Dataset excerpts:
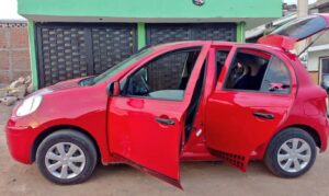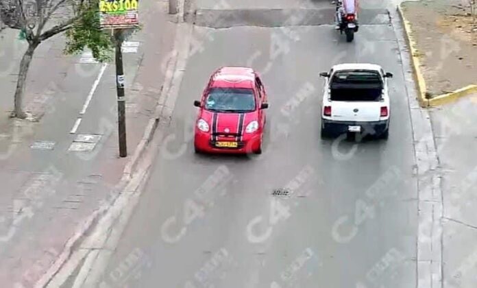 A través de la radio comunicación, los policías recibieron la información y fueron en persecución de un vehículo Nissan March rojo con franjas negras en el cofre.
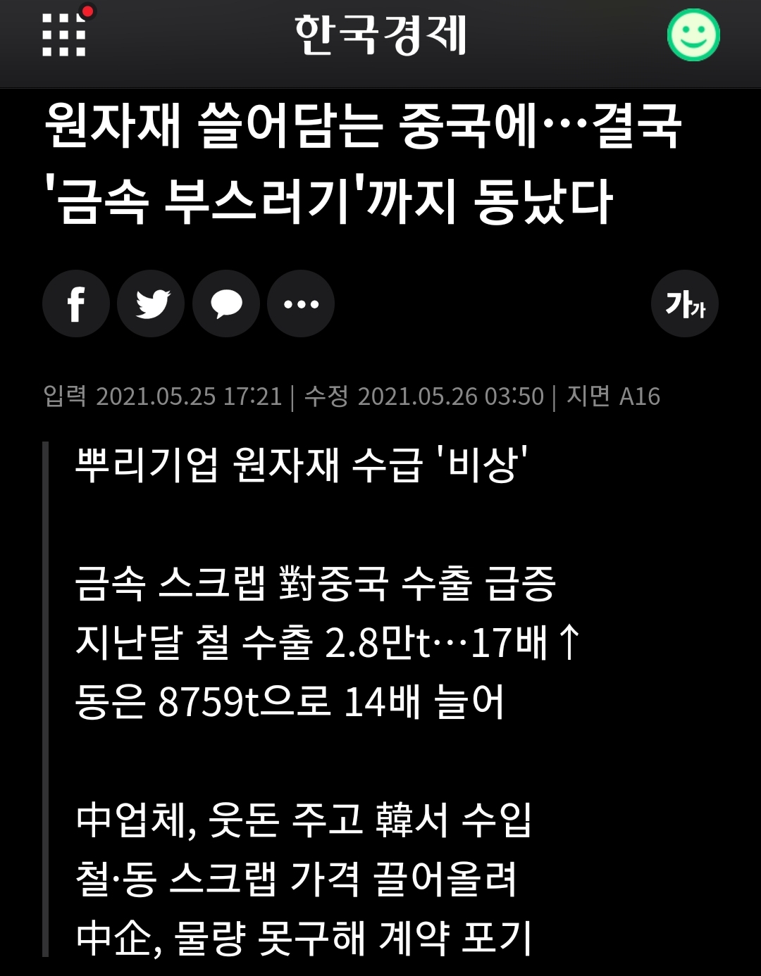 원자재 쓸어담는 중국에…결국 '금속 부스러기'까지 동났다 , 뿌리기업 원자재 수급 '비상' 금속 스크랩 對중국 수출 급증 지난달 철 수출 2.8만t…17배↑ 동은 8759t으로 14배 늘어 中업체, 웃돈 주
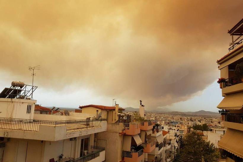 Στην περιοχή πνέουν ισχυροί άνεμοι και οι φλόγες καίνε πευκοδάσος
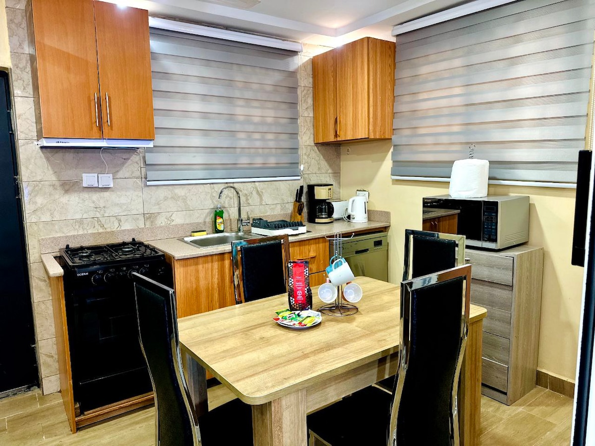 Modern komfort i en elegant, vackert upplyst lägenhet med ren modern finish och en varm kvällsglöd som omedelbart känns exklusiv och inbjudande. Beläget i ett lugnt område 19 minuter från flygplatsen, 17 från accra mall, 10 minuter från Atlantic Mall och cirka 30 minuter från Aburi Mountains, med enkel tillgång till butiker, affärsnav och fritidscenter. Du är aldrig långt borta från allt du behöver men ändå tillräckligt undangömd för att koppla av och varva ner. En chic tillflyktsort du kommer att älska att komma hem till.
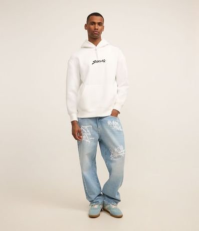 Pantalón Baggy en Jeans con Puídos y Estampa Lettering Grafite 1
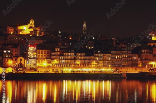 Barrio de la Ribeira de Oporto iluminado en la noche y su reflejo en el río Duero. Fotografía desde Vila Nova de Gaia (Portugal).
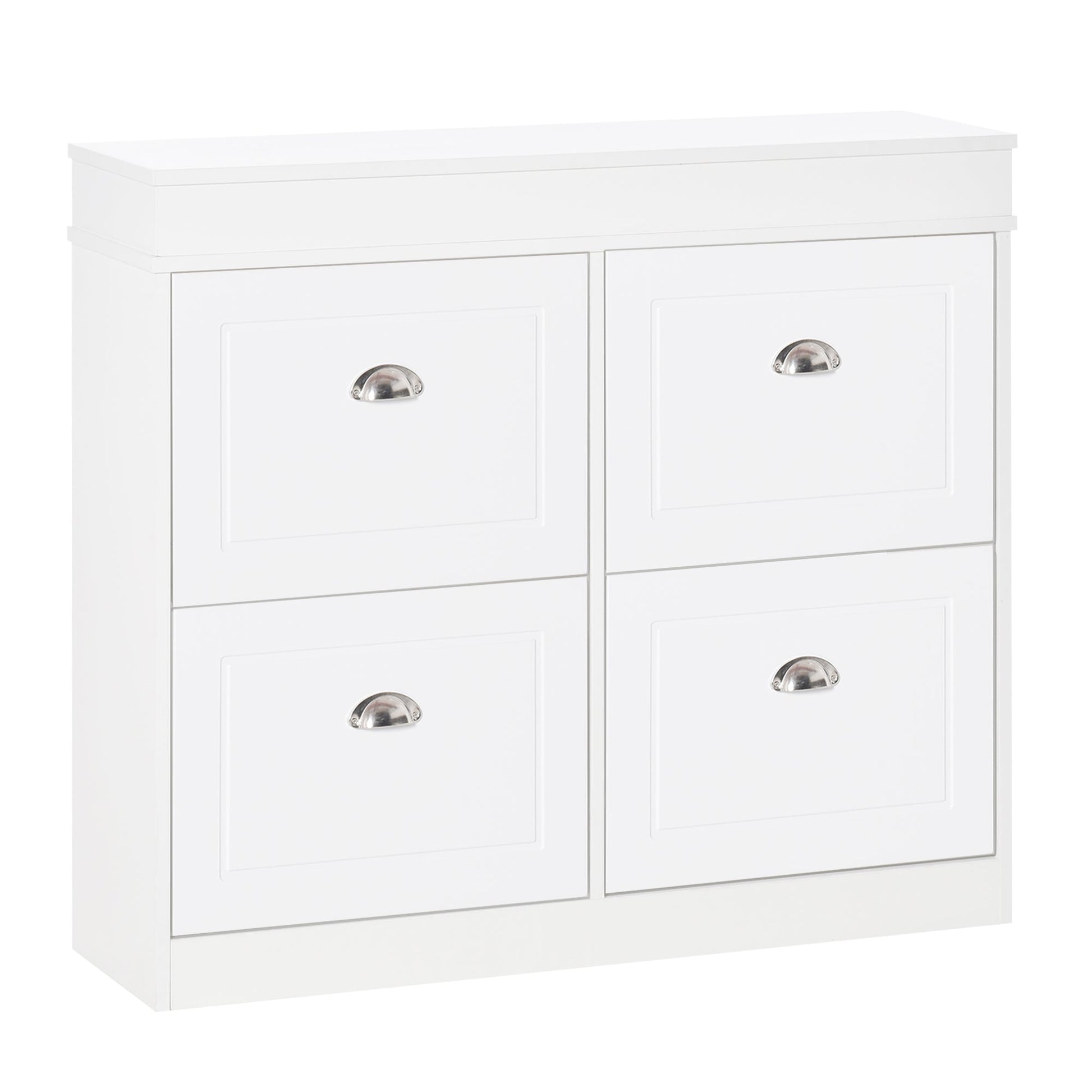 HOMCOM Shoe Cabinet with 4 Flip Drawers Wood Tipping Bucket Narrow Storage Cupboard with Adjustable Shelf Hall Organizer for Entrance Foyer White
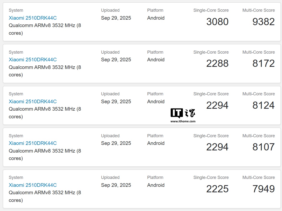 IT之家 9 月 30 日消息,科技媒体 Notebook Check 昨日(9 月 29 日)发布博文,报道称小米 REDMI K90 手机现身 GeekBench 跑分库,型号为“2510DRK44C”,共有 5 条纪录,最高跑分为单核 3080 分,多核 9382 分。
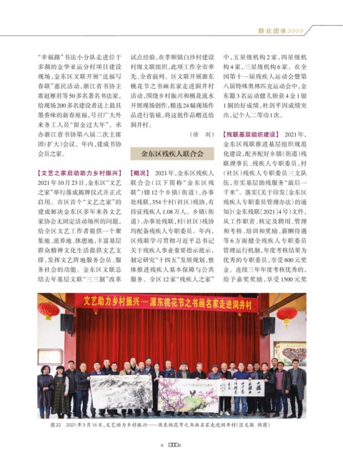 【文艺之家启动助力乡村振兴】 【概况】 2021年,金东区残疾人 (社区)残疾人专职委员三支队
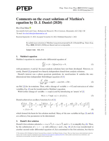 So-called exact solutions of Mathieu’s equation proposed by D. J. Daniel [Prog. Theor. Exp. Phys. 2020, 043A01 (2020)] are flawed and not computable. https://doi.org/10.1093/ptep/ptaa024
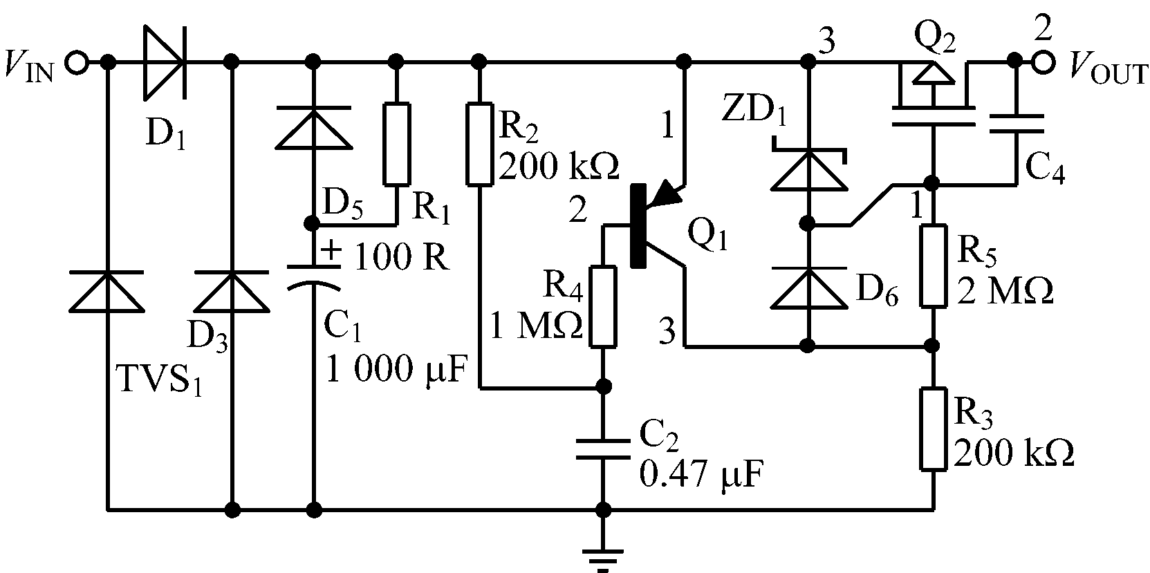 软启动电路主要用于降低中继电源启动时的瞬间电流,储能电路主要用于维持中继电源正常启动后的稳定性,具体电路如图4所示。上电后本安电源先对电容C1充电,电容充电完成后开启MOS管Q2,这样分时启动电路可以避免启动时电容的瞬时大电流导致电路无法正常工作的情况。
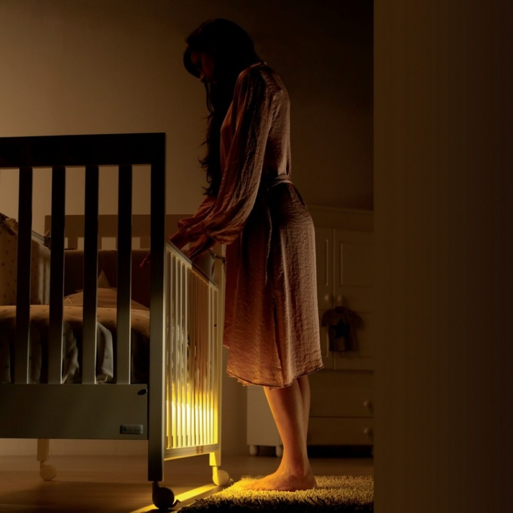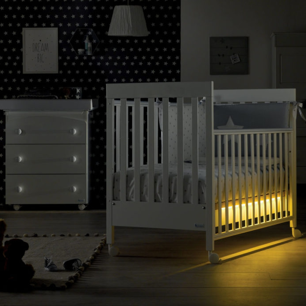 Per mezzo di un sensore la zona lettino si illumina quando la stanza è immersa nel buio, basta avvicinarsi nel raggio di pochi metri ed una morbida luce calda vi permetterà di controllare il sonno del bambino senza svegliarlo.
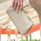 The ANEKA by Nina is the definition of radiant elegance, designed to catch the light—and every eye in the room. With its pleated shine exterior, this clutch gleams with texture and depth, giving a modern twist to timeless glamour. The long 44" drop-length Nina flat curb chain allows you to wear it as a crossbody or drape it gracefully over the shoulder. Inside, a matching pleated shine lining adds an extra dose of luxury, complemented by a back interior wall pocket to keep your essentials organized. A lift-lock closure completes the look with a vintage-inspired finish. With its blend of shimmer, structure, and grace, the ANEKA by Nina is made for making an entrance.
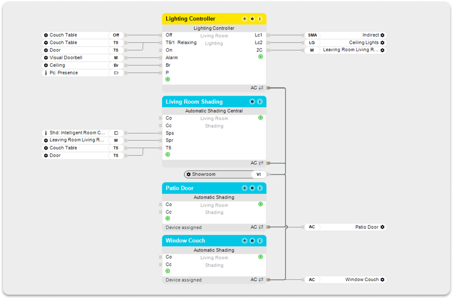 Opmerking: gebruik slechts één functiebouwsteen en meng ze niet met elkaar. Voor bijvoorbeeld zonwering gebruik je ofwel de functiebouwstenen Automatische Zonwering, Automatische Zonwering Geïntegreerd, of Automatische Zonwering Centraal.
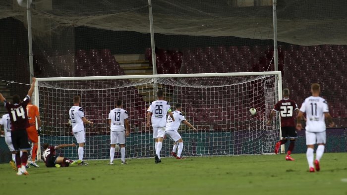 30' - Ripartenza della Salernitana che ci prova con Maistro dal limite, l'ex Rieti si coordina male e calcia alle stelle.
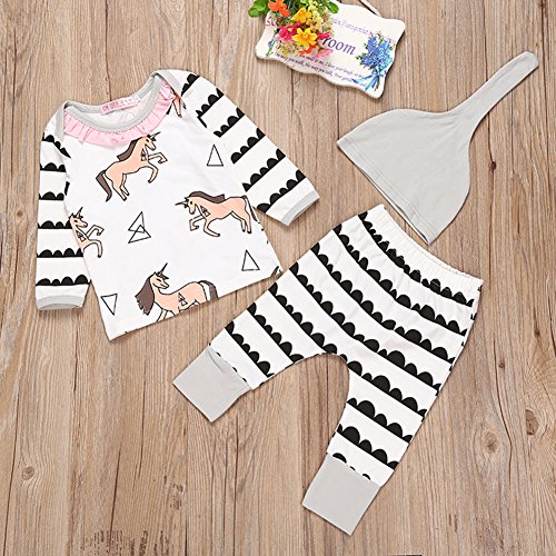 Ochine 新生児 幼児 長袖 上着+パンツ+帽子 三点セット 女の子 コットンブレンド かわいいシマウマ柄 子供服 ベビー服 カバーオール 出産祝い 0-18月設定
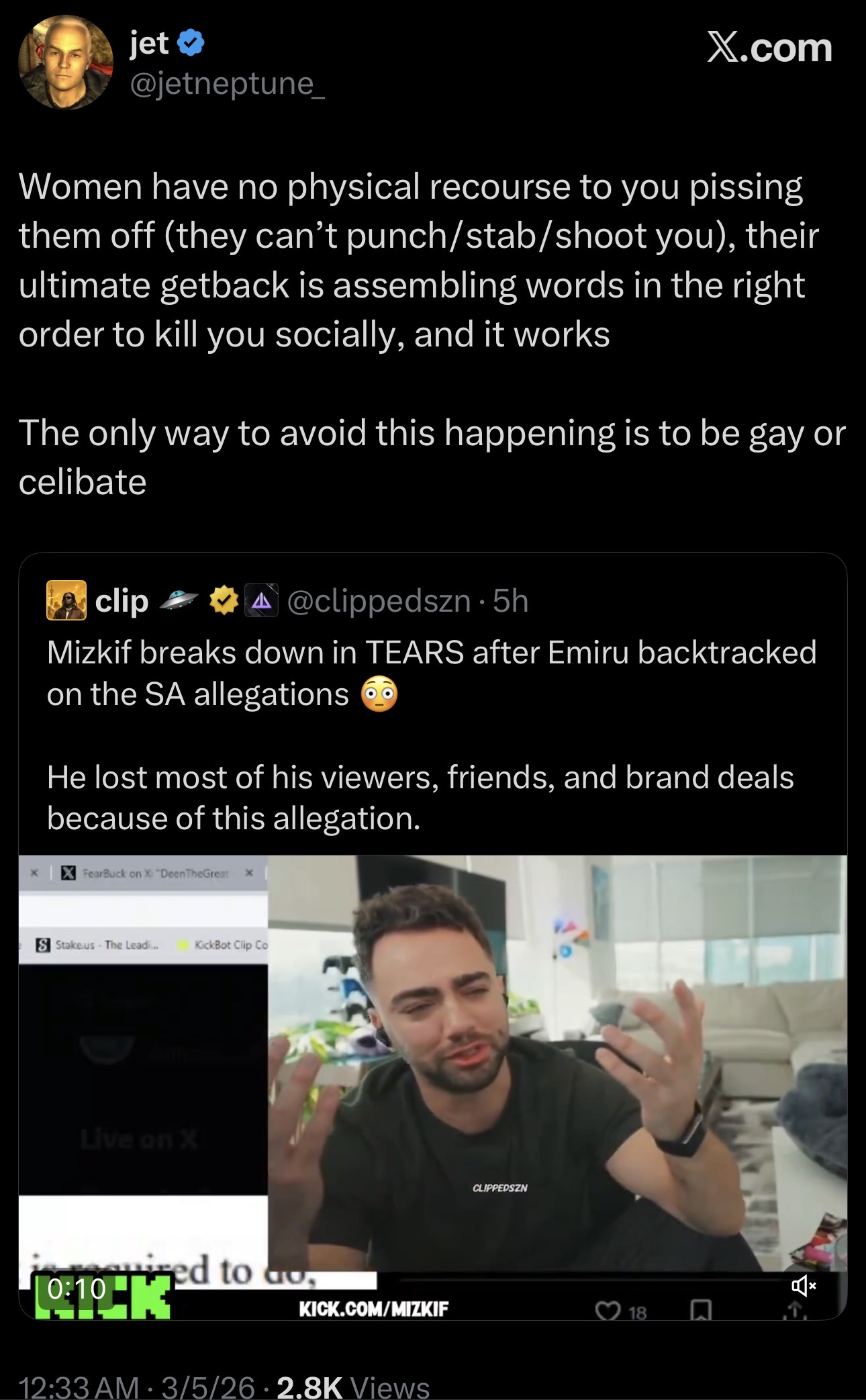 miz claiming that fuslie started ghosting him because he was too controlling with emirualso goes in on her for "cheating on her husband"https://kick.com/mizkif/clips/clip_01KJXKB2E4KAS7V29G4MWYVXKB
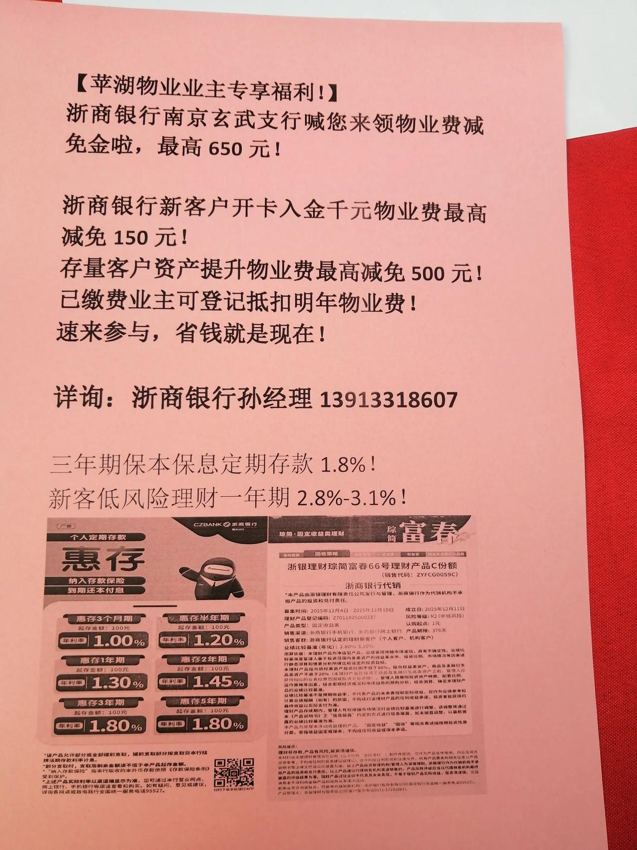 浙商银行送温情 寒风凛冽,笑脸相迎。 昨日上午,苹湖物业业主专享福利来袭!我也有幸领取到一份,福利虽微,情义与服务却价值无量。 浙商银行作为十二家全国性股份制商业银行之一,于2004年8月开业,总部坐落于杭州,是全国第13家“A+H”上市银行。其前身为浙江商业银行,秉持“善本金融”理念,业务覆盖公司金融、小微金融及金融科技应用领域,在全国设有360多家网点。

Work order: Skip the pictures and transcribe the rest of the records exactly.

Result of this exercise:
 A través de la radio comunicación, los policías recibieron la información y fueron en persecución de un vehículo Nissan March rojo con franjas negras en el cofre.
 원자재 쓸어담는 중국에…결국 '금속 부스러기'까지 동났다 , 뿌리기업 원자재 수급 '비상' 금속 스크랩 對중국 수출 급증 지난달 철 수출 2.8만t…17배↑ 동은 8759t으로 14배 늘어 中업체, 웃돈 주
 Στην περιοχή πνέουν ισχυροί άνεμοι και οι φλόγες καίνε πευκοδάσος
 Modern komfort i en elegant, vackert upplyst lägenhet med ren modern finish och en varm kvällsglöd som omedelbart känns exklusiv och inbjudande. Beläget i ett lugnt område 19 minuter från flygplatsen, 17 från accra mall, 10 minuter från Atlantic Mall och cirka 30 minuter från Aburi Mountains, med enkel tillgång till butiker, affärsnav och fritidscenter. Du är aldrig långt borta från allt du behöver men ändå tillräckligt undangömd för att koppla av och varva ner. En chic tillflyktsort du kommer att älska att komma hem till.
 Pantalón Baggy en Jeans con Puídos y Estampa Lettering Grafite 1
 Barrio de la Ribeira de Oporto iluminado en la noche y su reflejo en el río Duero. Fotografía desde Vila Nova de Gaia (Portugal).
 HOMCOM Shoe Cabinet with 4 Flip Drawers Wood Tipping Bucket Narrow Storage Cupboard with Adjustable Shelf Hall Organizer for Entrance Foyer White
 IT之家 9 月 30 日消息,科技媒体 Notebook Check 昨日(9 月 29 日)发布博文,报道称小米 REDMI K90 手机现身 GeekBench 跑分库,型号为“2510DRK44C”,共有 5 条纪录,最高跑分为单核 3080 分,多核 9382 分。
 【文艺之家启动助力乡村振兴】 【概况】 2021年,金东区残疾人 (社区)残疾人专职委员三支队
 So-called exact solutions of Mathieu’s equation proposed by D. J. Daniel [Prog. Theor. Exp. Phys. 2020, 043A01 (2020)] are flawed and not computable. https://doi.org/10.1093/ptep/ptaa024
 软启动电路主要用于降低中继电源启动时的瞬间电流,储能电路主要用于维持中继电源正常启动后的稳定性,具体电路如图4所示。上电后本安电源先对电容C1充电,电容充电完成后开启MOS管Q2,这样分时启动电路可以避免启动时电容的瞬时大电流导致电路无法正常工作的情况。
 Per mezzo di un sensore la zona lettino si illumina quando la stanza è immersa nel buio, basta avvicinarsi nel raggio di pochi metri ed una morbida luce calda vi permetterà di controllare il sonno del bambino senza svegliarlo.
 The ANEKA by Nina is the definition of radiant elegance, designed to catch the light—and every eye in the room. With its pleated shine exterior, this clutch gleams with texture and depth, giving a modern twist to timeless glamour. The long 44" drop-length Nina flat curb chain allows you to wear it as a crossbody or drape it gracefully over the shoulder. Inside, a matching pleated shine lining adds an extra dose of luxury, complemented by a back interior wall pocket to keep your essentials organized. A lift-lock closure completes the look with a vintage-inspired finish. With its blend of shimmer, structure, and grace, the ANEKA by Nina is made for making an entrance.
 Opmerking: gebruik slechts één functiebouwsteen en meng ze niet met elkaar. Voor bijvoorbeeld zonwering gebruik je ofwel de functiebouwstenen Automatische Zonwering, Automatische Zonwering Geïntegreerd, of Automatische Zonwering Centraal.
 30' - Ripartenza della Salernitana che ci prova con Maistro dal limite, l'ex Rieti si coordina male e calcia alle stelle.
 Ochine 新生児 幼児 長袖 上着+パンツ+帽子 三点セット 女の子 コットンブレンド かわいいシマウマ柄 子供服 ベビー服 カバーオール 出産祝い 0-18月設定
 miz claiming that fuslie started ghosting him because he was too controlling with emirualso goes in on her for "cheating on her husband"https://kick.com/mizkif/clips/clip_01KJXKB2E4KAS7V29G4MWYVXKB
 浙商银行送温情 寒风凛冽,笑脸相迎。 昨日上午,苹湖物业业主专享福利来袭!我也有幸领取到一份,福利虽微,情义与服务却价值无量。 浙商银行作为十二家全国性股份制商业银行之一,于2004年8月开业,总部坐落于杭州,是全国第13家“A+H”上市银行。其前身为浙江商业银行,秉持“善本金融”理念,业务覆盖公司金融、小微金融及金融科技应用领域,在全国设有360多家网点。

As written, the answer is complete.